▶ **What you should do**:
In the data below, begin at the line with "This delightful round" and stop after the line with "В то же время"; output those lines exactly and no pictures.

▶ **Records for the task**:
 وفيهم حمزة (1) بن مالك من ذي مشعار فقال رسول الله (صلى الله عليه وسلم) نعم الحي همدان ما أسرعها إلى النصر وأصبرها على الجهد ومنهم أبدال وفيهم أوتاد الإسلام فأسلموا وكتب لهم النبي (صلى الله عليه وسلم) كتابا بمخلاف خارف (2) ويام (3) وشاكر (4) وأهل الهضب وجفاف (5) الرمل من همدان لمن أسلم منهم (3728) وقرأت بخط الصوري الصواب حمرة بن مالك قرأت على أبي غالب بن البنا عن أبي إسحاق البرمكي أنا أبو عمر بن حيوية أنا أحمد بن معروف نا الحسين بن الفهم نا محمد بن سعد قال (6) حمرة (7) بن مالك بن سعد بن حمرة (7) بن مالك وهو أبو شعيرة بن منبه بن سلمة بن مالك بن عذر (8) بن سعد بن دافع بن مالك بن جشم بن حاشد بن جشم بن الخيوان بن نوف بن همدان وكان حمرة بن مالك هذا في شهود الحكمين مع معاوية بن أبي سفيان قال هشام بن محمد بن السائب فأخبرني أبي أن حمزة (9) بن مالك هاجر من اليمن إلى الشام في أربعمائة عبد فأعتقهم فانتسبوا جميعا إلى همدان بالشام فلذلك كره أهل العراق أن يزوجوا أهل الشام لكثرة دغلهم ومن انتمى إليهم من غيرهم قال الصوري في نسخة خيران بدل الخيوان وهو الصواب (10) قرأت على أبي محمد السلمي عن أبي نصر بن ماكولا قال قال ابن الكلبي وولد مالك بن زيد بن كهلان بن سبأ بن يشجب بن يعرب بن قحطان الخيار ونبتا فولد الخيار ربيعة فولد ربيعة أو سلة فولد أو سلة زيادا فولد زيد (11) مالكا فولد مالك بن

...

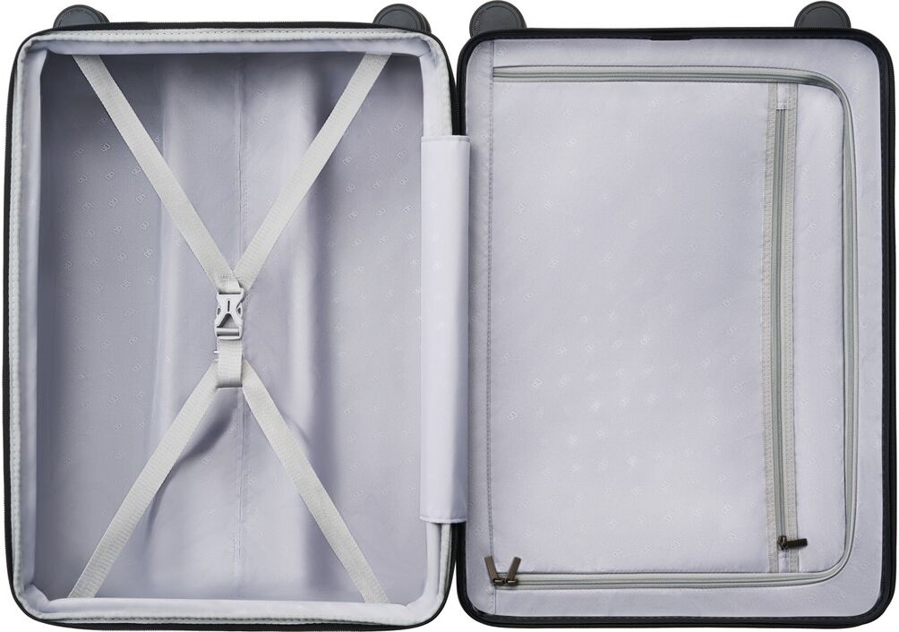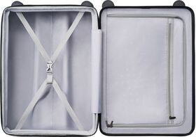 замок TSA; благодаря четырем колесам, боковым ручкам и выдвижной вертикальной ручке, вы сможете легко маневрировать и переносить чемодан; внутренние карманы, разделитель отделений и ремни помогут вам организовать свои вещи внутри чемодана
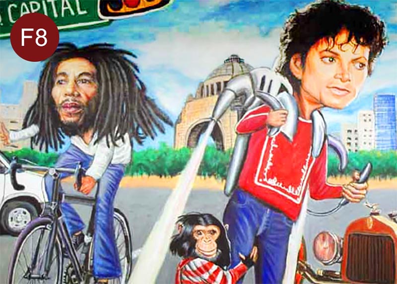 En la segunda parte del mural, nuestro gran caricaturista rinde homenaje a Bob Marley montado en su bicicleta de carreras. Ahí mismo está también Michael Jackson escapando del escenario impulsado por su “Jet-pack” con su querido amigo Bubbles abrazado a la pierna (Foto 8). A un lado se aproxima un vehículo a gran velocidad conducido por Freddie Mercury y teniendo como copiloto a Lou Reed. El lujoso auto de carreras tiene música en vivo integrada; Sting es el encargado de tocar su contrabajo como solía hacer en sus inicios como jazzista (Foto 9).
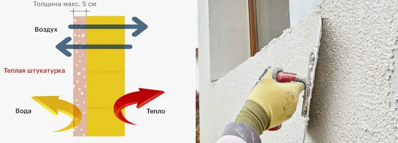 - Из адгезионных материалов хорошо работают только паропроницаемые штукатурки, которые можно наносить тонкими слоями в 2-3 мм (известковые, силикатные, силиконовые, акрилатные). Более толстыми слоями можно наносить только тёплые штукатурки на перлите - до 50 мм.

...

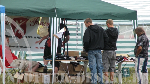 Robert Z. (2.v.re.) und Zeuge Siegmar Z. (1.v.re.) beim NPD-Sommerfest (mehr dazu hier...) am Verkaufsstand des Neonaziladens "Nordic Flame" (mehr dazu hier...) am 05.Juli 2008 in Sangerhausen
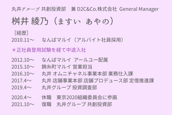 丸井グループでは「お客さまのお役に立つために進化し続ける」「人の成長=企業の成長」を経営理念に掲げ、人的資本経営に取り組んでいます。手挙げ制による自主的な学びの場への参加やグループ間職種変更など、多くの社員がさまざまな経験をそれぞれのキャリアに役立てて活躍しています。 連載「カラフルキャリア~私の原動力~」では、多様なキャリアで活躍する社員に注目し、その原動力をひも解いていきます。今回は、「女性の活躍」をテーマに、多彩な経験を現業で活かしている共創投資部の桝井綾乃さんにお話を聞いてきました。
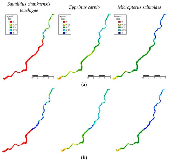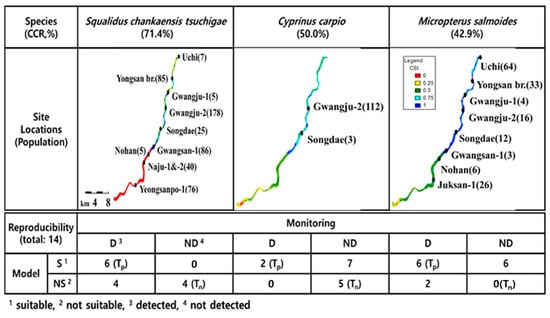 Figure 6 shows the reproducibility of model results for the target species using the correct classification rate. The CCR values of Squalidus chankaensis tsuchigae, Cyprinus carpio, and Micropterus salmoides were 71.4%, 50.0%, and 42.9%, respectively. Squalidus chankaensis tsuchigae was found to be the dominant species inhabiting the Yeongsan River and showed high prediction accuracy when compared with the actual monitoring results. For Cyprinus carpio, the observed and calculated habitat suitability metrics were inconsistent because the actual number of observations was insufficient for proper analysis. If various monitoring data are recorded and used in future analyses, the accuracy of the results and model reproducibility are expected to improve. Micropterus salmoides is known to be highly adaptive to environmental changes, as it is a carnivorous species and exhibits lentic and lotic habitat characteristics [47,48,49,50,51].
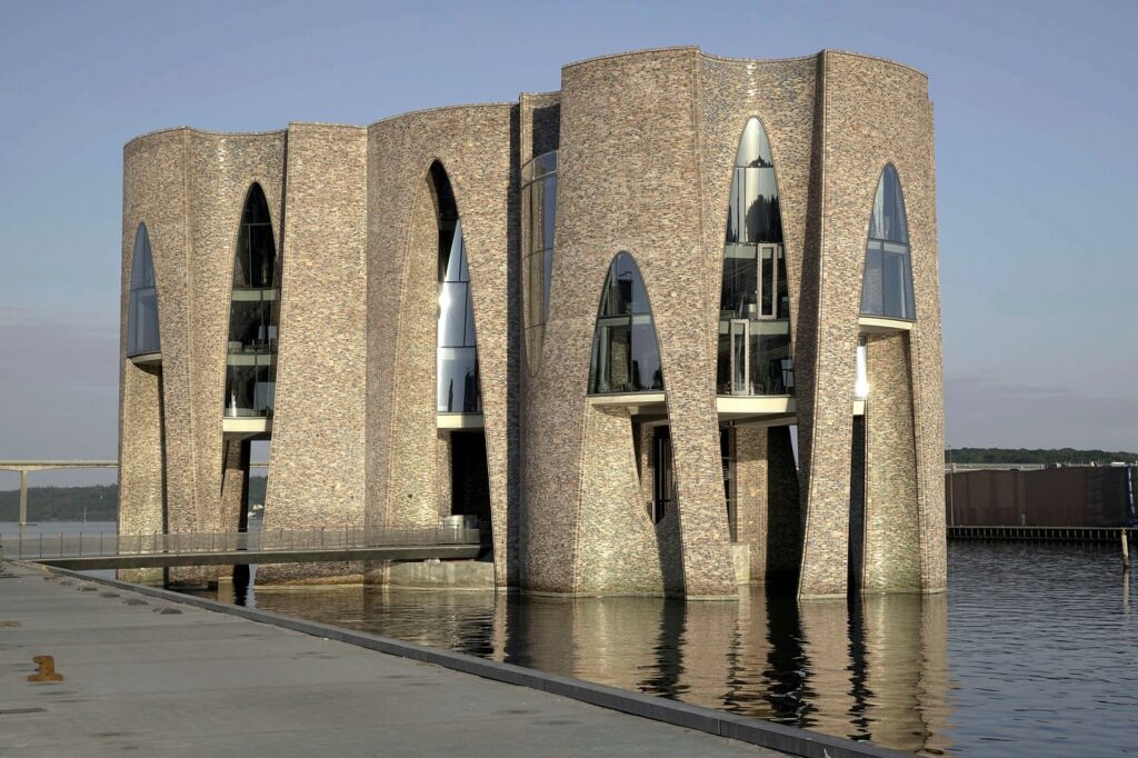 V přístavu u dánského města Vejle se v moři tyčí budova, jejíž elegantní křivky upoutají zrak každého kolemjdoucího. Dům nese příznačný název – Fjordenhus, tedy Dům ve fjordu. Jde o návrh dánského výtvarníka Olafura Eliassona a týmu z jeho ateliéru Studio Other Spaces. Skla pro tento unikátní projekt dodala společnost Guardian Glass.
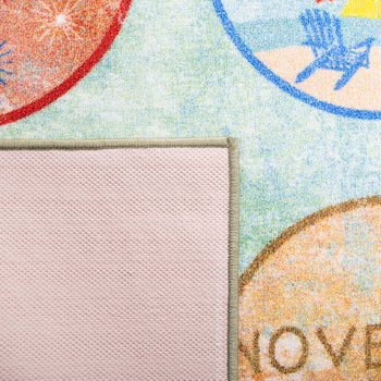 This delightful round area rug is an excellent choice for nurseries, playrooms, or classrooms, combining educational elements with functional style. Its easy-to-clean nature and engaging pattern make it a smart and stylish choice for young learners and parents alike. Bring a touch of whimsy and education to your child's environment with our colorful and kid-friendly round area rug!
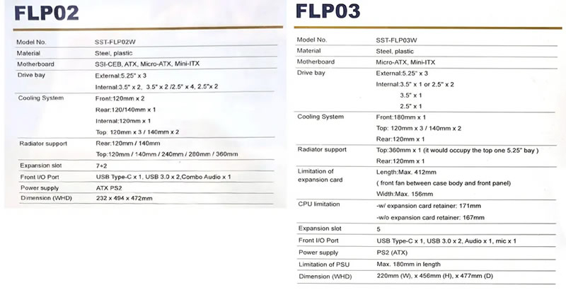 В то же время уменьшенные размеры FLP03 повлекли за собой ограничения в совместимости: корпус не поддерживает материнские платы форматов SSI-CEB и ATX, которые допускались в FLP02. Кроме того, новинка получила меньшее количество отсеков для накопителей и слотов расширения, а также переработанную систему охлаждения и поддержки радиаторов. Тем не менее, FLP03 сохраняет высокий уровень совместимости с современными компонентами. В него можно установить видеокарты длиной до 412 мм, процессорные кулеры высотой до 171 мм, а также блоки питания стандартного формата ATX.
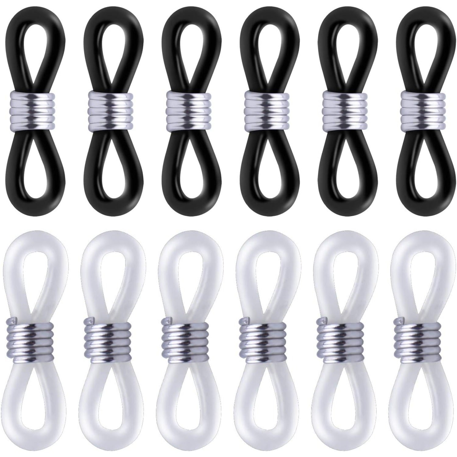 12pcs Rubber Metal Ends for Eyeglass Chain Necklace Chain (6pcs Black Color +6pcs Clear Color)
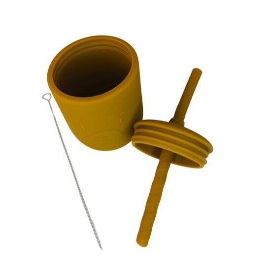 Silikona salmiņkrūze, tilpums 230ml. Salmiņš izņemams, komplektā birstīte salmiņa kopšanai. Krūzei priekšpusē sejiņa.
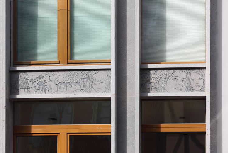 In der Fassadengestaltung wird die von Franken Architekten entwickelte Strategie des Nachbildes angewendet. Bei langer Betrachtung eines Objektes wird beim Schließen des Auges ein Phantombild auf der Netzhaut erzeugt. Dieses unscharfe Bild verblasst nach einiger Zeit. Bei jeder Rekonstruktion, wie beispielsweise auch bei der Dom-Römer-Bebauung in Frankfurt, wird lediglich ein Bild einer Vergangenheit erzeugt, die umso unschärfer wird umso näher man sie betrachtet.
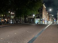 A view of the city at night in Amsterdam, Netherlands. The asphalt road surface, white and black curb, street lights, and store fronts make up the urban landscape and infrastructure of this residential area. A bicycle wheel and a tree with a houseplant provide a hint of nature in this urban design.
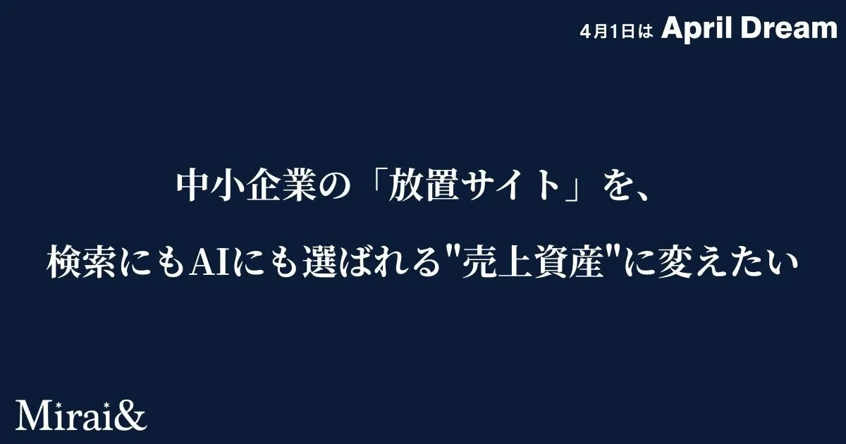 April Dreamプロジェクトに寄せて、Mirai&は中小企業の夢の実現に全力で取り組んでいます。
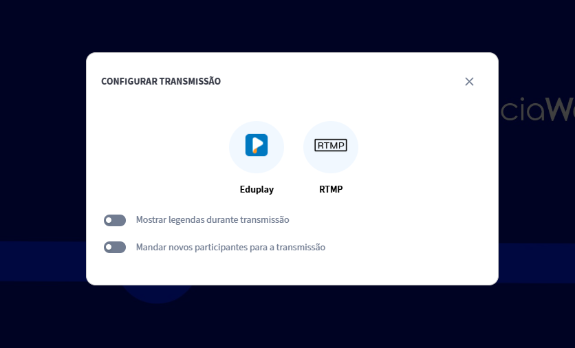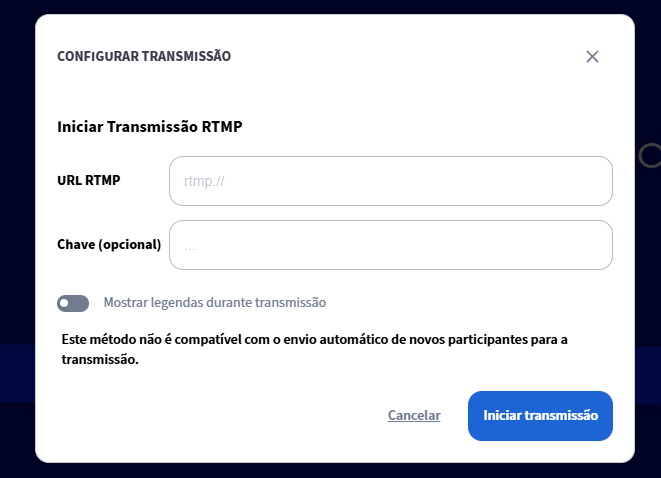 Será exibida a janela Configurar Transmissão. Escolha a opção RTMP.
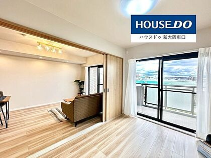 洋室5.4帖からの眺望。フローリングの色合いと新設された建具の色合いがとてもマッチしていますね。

▶ **Your solution**:
 This delightful round area rug is an excellent choice for nurseries, playrooms, or classrooms, combining educational elements with functional style. Its easy-to-clean nature and engaging pattern make it a smart and stylish choice for young learners and parents alike. Bring a touch of whimsy and education to your child's environment with our colorful and kid-friendly round area rug!
 В то же время уменьшенные размеры FLP03 повлекли за собой ограничения в совместимости: корпус не поддерживает материнские платы форматов SSI-CEB и ATX, которые допускались в FLP02. Кроме того, новинка получила меньшее количество отсеков для накопителей и слотов расширения, а также переработанную систему охлаждения и поддержки радиаторов. Тем не менее, FLP03 сохраняет высокий уровень совместимости с современными компонентами. В него можно установить видеокарты длиной до 412 мм, процессорные кулеры высотой до 171 мм, а также блоки питания стандартного формата ATX.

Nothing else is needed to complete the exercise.